Similarly, the left syntactic relation is

$\,_S\sim \;= \{(s,t)\in M\times M \,\vert\; s\setminus S = t \setminus S \}$

A double-sided congruence may be defined as

$u \sim_S v \Leftrightarrow \forall x, y\in M (xuy \in S \Leftrightarrow xvy \in S)$

[edit] Syntactic monoid

The syntactic quotient is compatible with concatenation in the monoid, in that one has

$(M \ / \ s) \ / \ t = M \ / \ (ts)$

for all $s,t\in M$ (and similarly for the left quotient). Thus, the syntactic quotient is a monoid morphism, and induces a quotient monoid

$M(S)= M \ / \ \sim_S$

It can be shown that the syntactic monoid of S is the smallest monoid that recognizes S ; that is, M(S) recognizes S, and for every monoid N recognizing S, M(S) is a quotient of a submonoid of N. The syntactic monoid of S is also the transition monoid of the minimal automaton of S.

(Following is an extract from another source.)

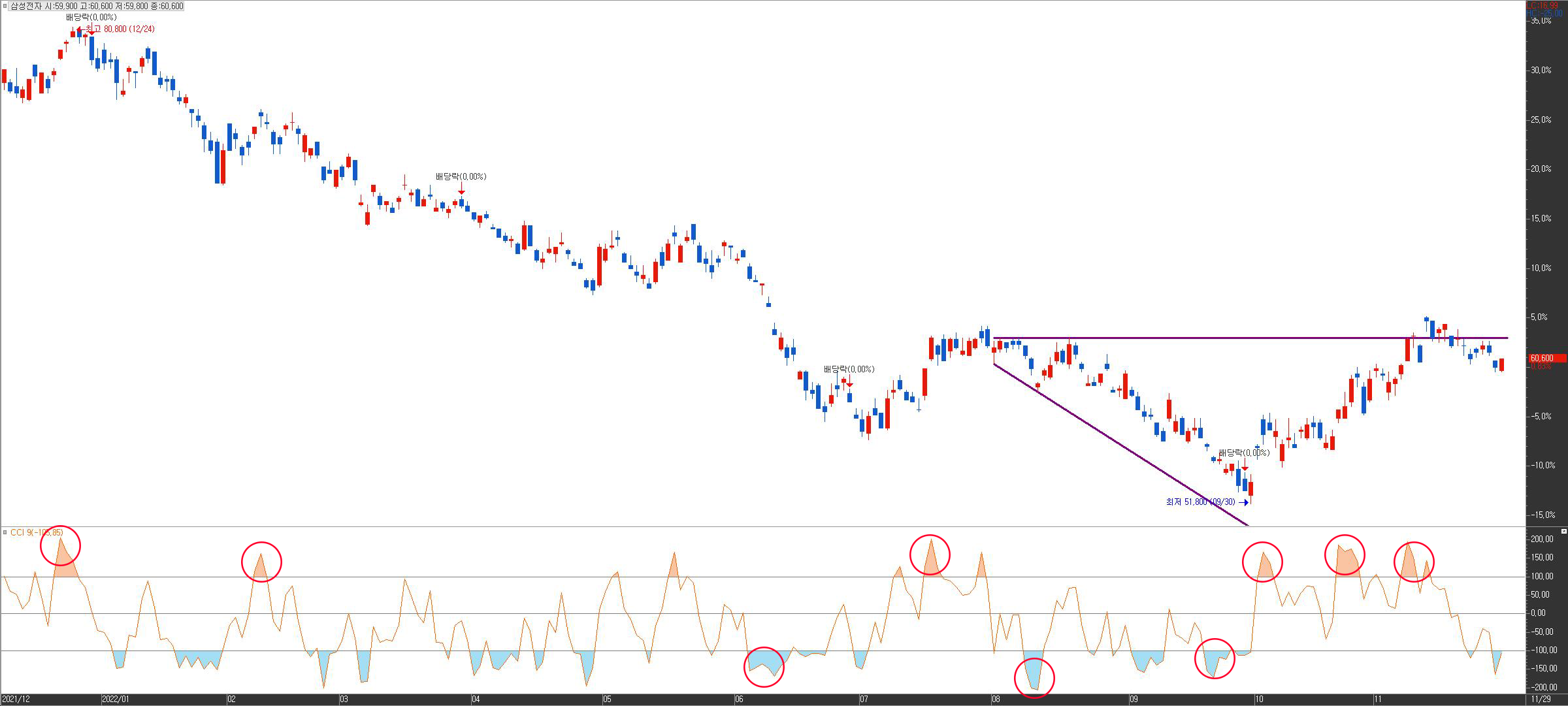 카카오 차트에 CCI를 추가한 모습입니다. CCI가 상향기준선을 초과한 부분은 주가가 평균보다 높다는 부분을 알 수 있습니다. 최근 카카오가 저가를 갱신했을 때에는 CCI가 -90.83으로 하향기준선을 돌파하진 않았네요 삼성전자의 차트도 확인해보겠습니다.
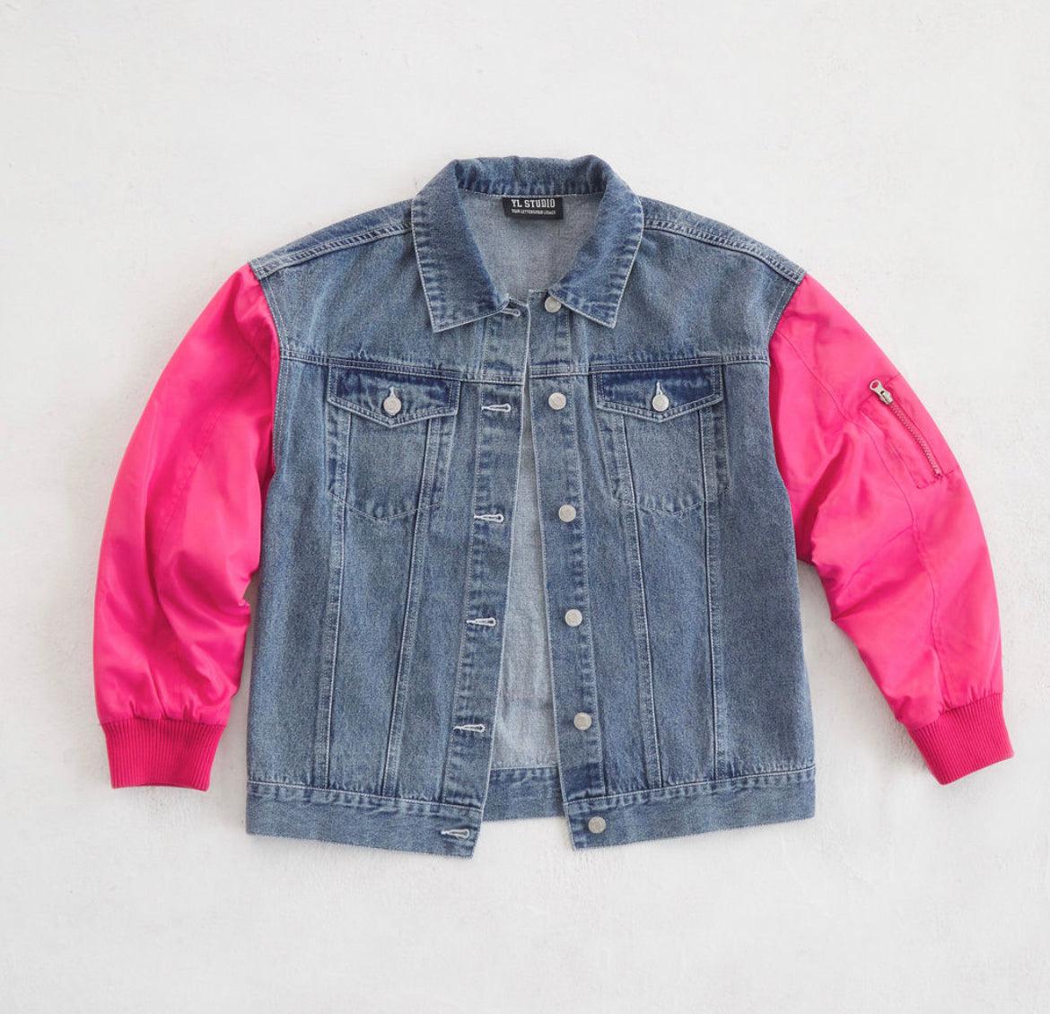 The Statement Denim Bomber - Pink Sleeve w/ NO PATCH

Equivalently, a language L is recognizable if and only if the family of quotients

$\{L \ / \ m \,\vert\; m\in M\}$

is finite. The proof showing equivalence is quite easy. Assume that a string x is recognizable by a deterministic finite state machine, with the final state of the machine being f. If y is another string recognized by the machine, also terminating in the same final state f, then clearly one has $L \ / \ x\,\sim L \ / \ y$ . Thus, the number of elements in $\{L \ / \ m \,\vert\; m\in M\}$ is just exactly equal to the number of final states of the automaton. Assume the converse: that the number of elements in $\{L \ / \ m \,\vert\; m\in M\}$ is finite. One can then construct an automaton where so that $Q=\{L \ / \ m \,\vert\; m\in M\}$ is the set of states, $F=\{L \ / \ m \,\vert\; m\in L\}$ is the set of final states, the singleton L is the initial state, and the transition function is given by $(L \ / \ x) \ / \ y=L \ / \ (xy)$ . Clearly, this automaton recognizes L. Thus, a language L is recognizable if and only if the set $\{L \ / \ m \,\vert\; m\in M\}$ is finite.

Given a regular expression E representing S, it is easy to compute the syntactic monoid of S.

[edit] Examples

The bicyclic monoid is the syntactic monoid of the Dyck language (the language of balanced sets of parenthesis).
The trace monoid is an example of a syntactic monoid.